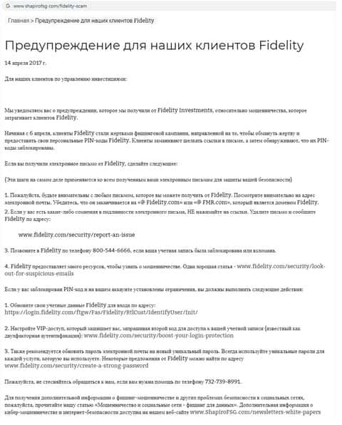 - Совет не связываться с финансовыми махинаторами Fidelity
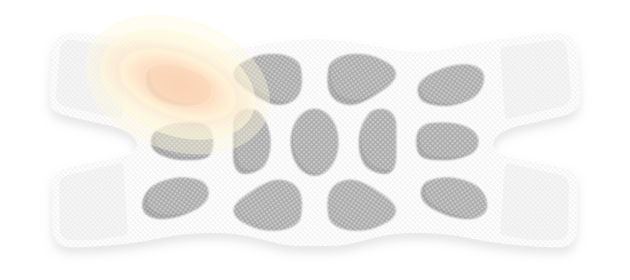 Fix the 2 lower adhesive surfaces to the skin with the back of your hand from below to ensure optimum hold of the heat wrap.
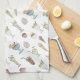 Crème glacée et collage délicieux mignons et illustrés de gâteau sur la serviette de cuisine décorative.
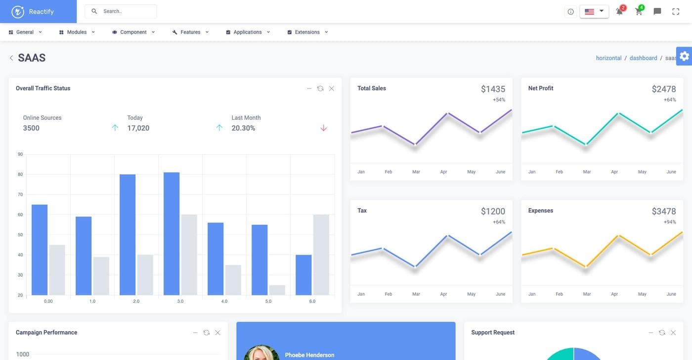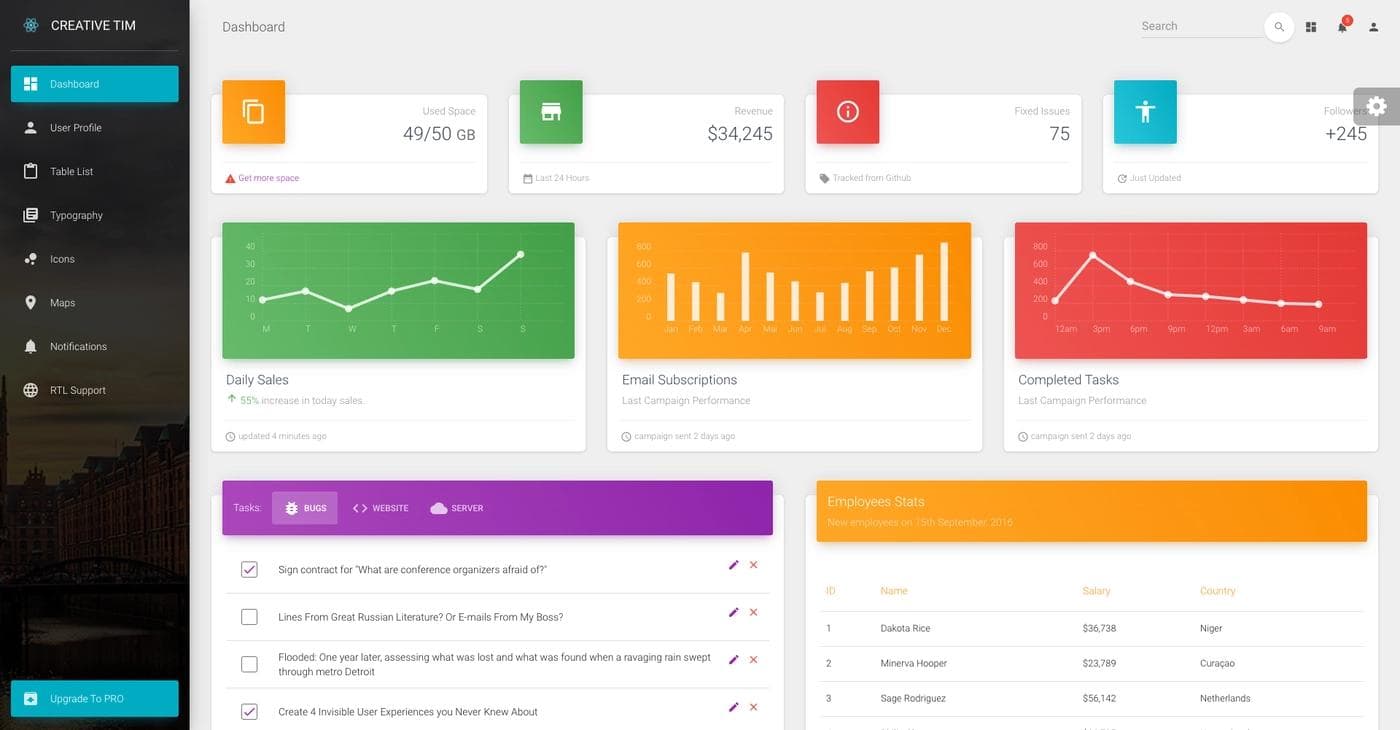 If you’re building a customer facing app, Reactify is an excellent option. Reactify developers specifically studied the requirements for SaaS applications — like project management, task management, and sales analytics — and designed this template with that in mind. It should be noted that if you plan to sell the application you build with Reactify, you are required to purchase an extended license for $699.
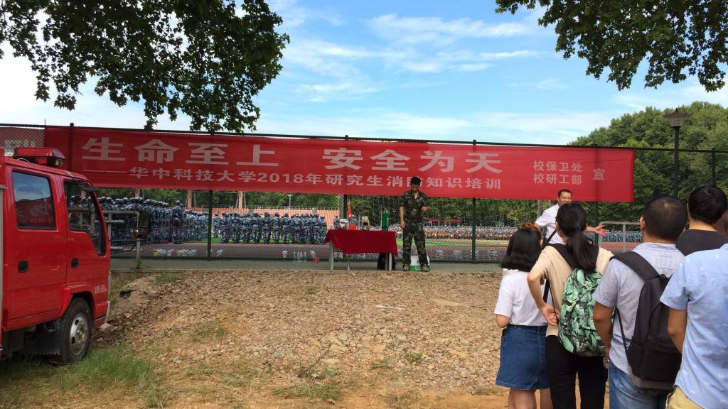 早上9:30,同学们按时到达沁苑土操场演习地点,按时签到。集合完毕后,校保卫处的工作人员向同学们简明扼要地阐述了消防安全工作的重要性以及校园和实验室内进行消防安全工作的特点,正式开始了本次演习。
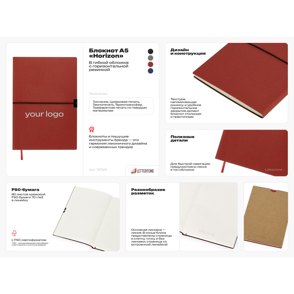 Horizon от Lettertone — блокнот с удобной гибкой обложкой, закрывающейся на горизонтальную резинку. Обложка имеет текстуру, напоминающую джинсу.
============================================================
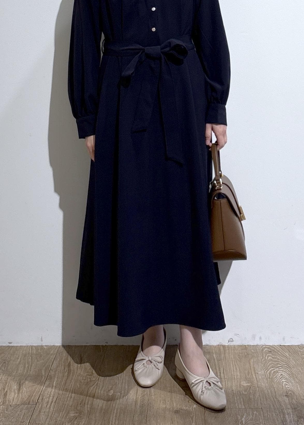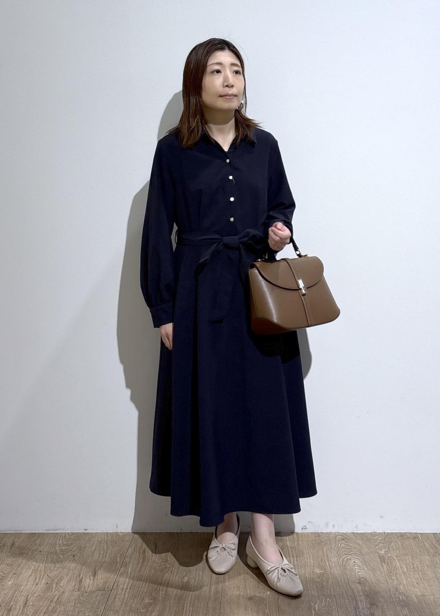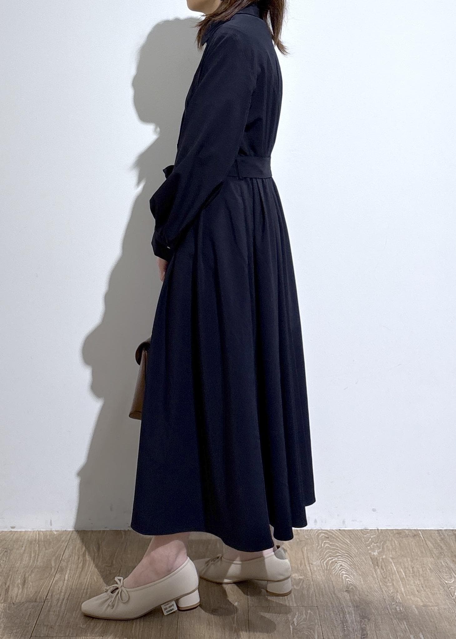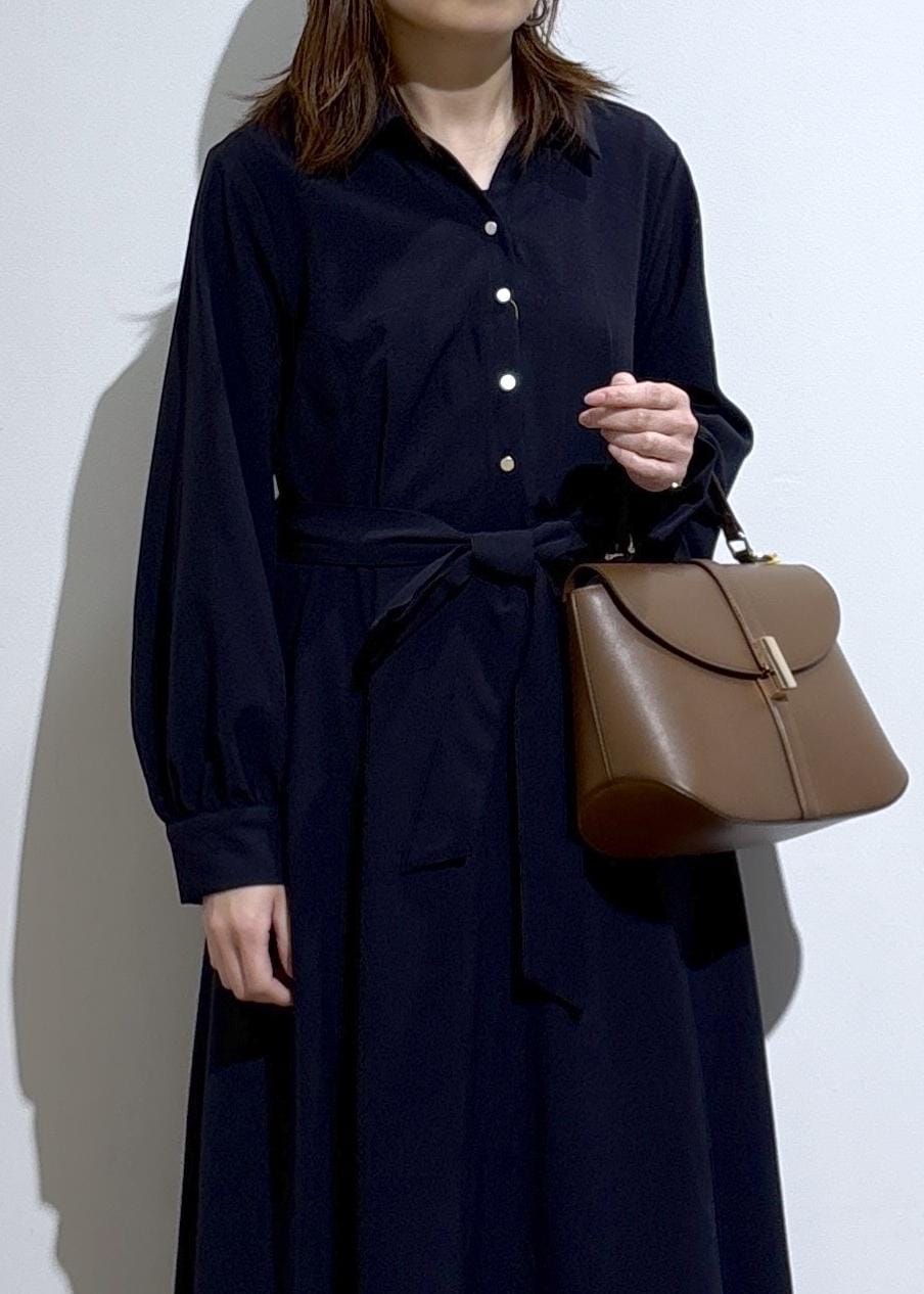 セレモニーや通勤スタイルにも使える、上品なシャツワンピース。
============================================================
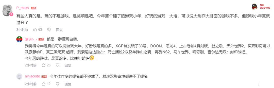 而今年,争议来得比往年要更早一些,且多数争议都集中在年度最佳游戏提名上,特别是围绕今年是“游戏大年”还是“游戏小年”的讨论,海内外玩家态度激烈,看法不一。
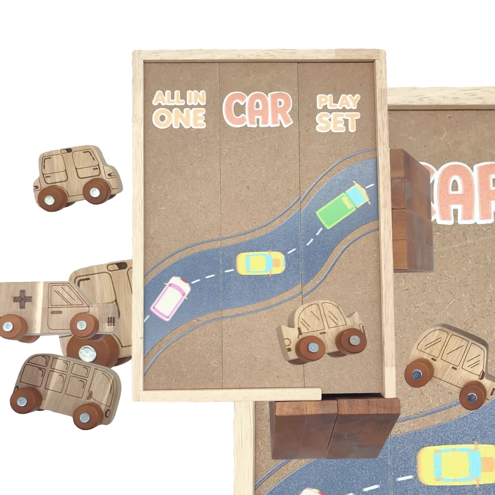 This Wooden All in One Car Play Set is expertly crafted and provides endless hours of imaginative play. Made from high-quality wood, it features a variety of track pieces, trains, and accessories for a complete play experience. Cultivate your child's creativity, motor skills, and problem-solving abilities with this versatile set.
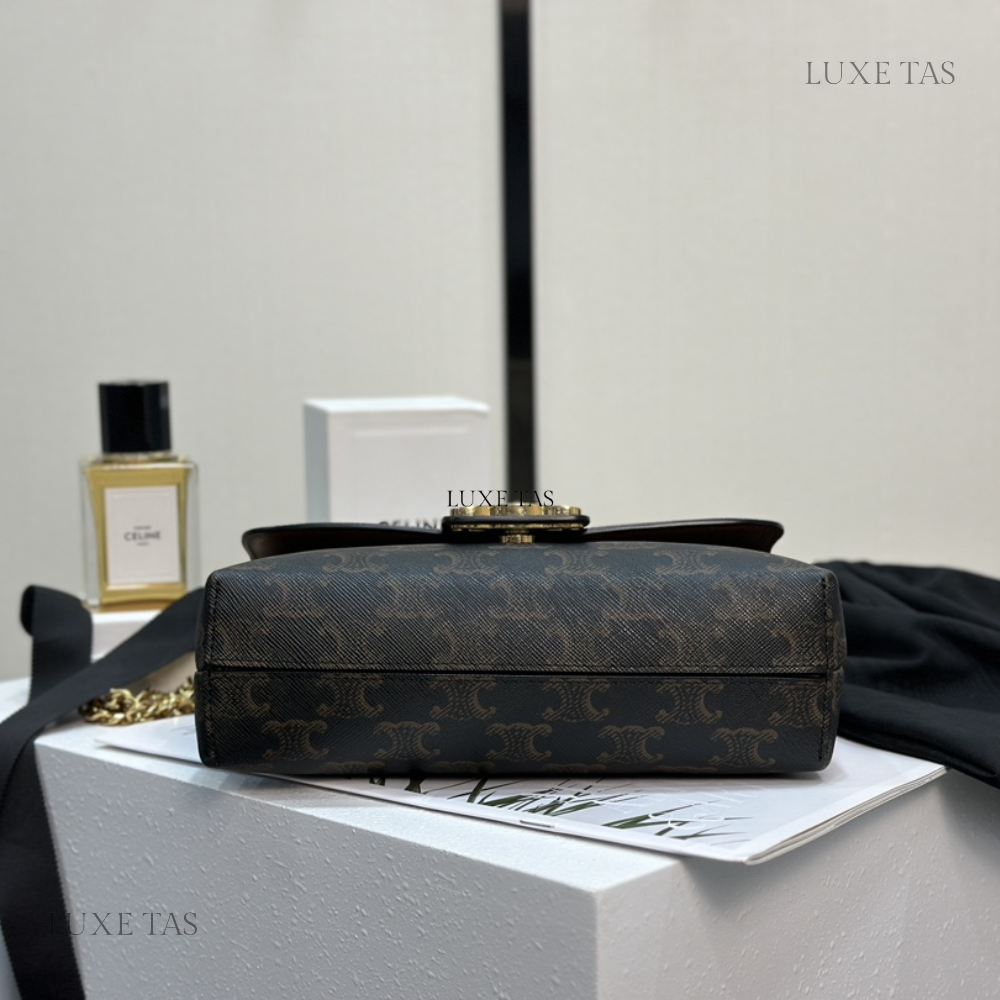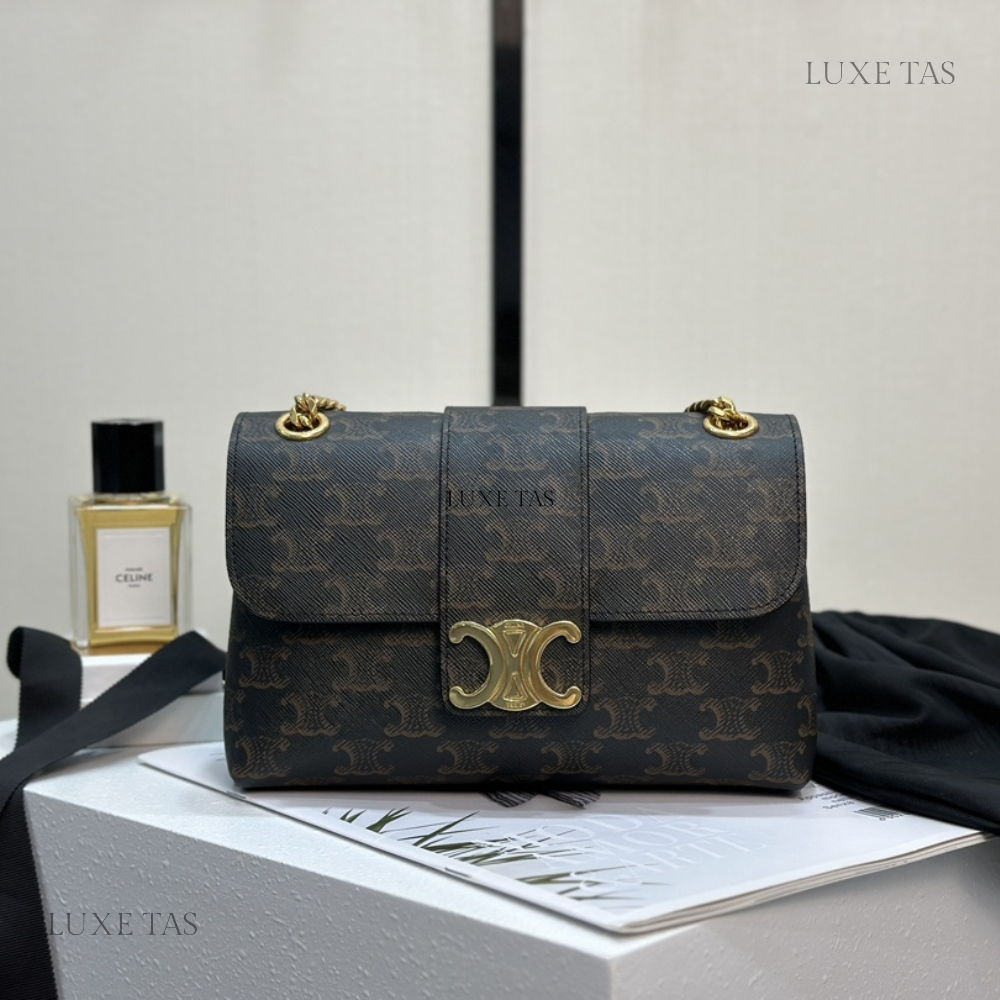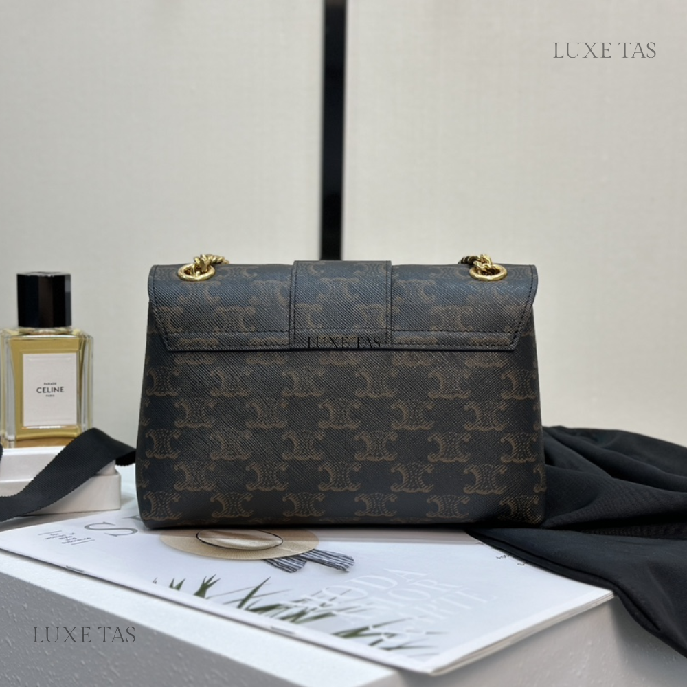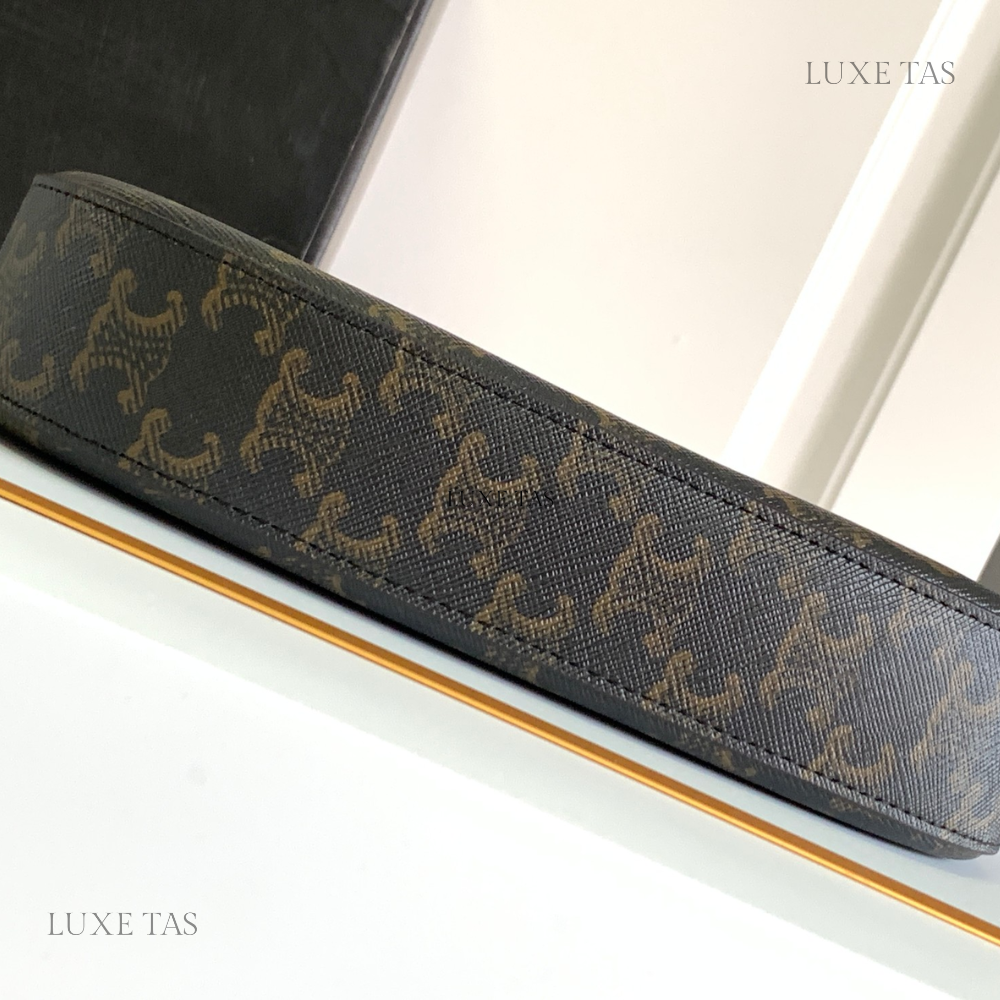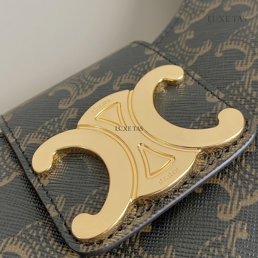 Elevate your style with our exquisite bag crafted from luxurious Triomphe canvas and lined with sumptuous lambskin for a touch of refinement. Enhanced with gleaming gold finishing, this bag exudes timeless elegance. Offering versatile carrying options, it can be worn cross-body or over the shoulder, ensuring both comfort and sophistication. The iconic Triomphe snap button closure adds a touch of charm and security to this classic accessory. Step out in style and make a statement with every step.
============================================================
### Task description
Exactly reproduce the lines above, starting at the one that contains "- Совет не связываться" and ending at the one that contains "早上9:30,同学们按时到达", both inclusive; leave the pictures out and add no other lines.

### Solution to this exercise
 - Совет не связываться с финансовыми махинаторами Fidelity
 Fix the 2 lower adhesive surfaces to the skin with the back of your hand from below to ensure optimum hold of the heat wrap.
 Crème glacée et collage délicieux mignons et illustrés de gâteau sur la serviette de cuisine décorative.
 If you’re building a customer facing app, Reactify is an excellent option. Reactify developers specifically studied the requirements for SaaS applications — like project management, task management, and sales analytics — and designed this template with that in mind. It should be noted that if you plan to sell the application you build with Reactify, you are required to purchase an extended license for $699.
 早上9:30,同学们按时到达沁苑土操场演习地点,按时签到。集合完毕后,校保卫处的工作人员向同学们简明扼要地阐述了消防安全工作的重要性以及校园和实验室内进行消防安全工作的特点,正式开始了本次演习。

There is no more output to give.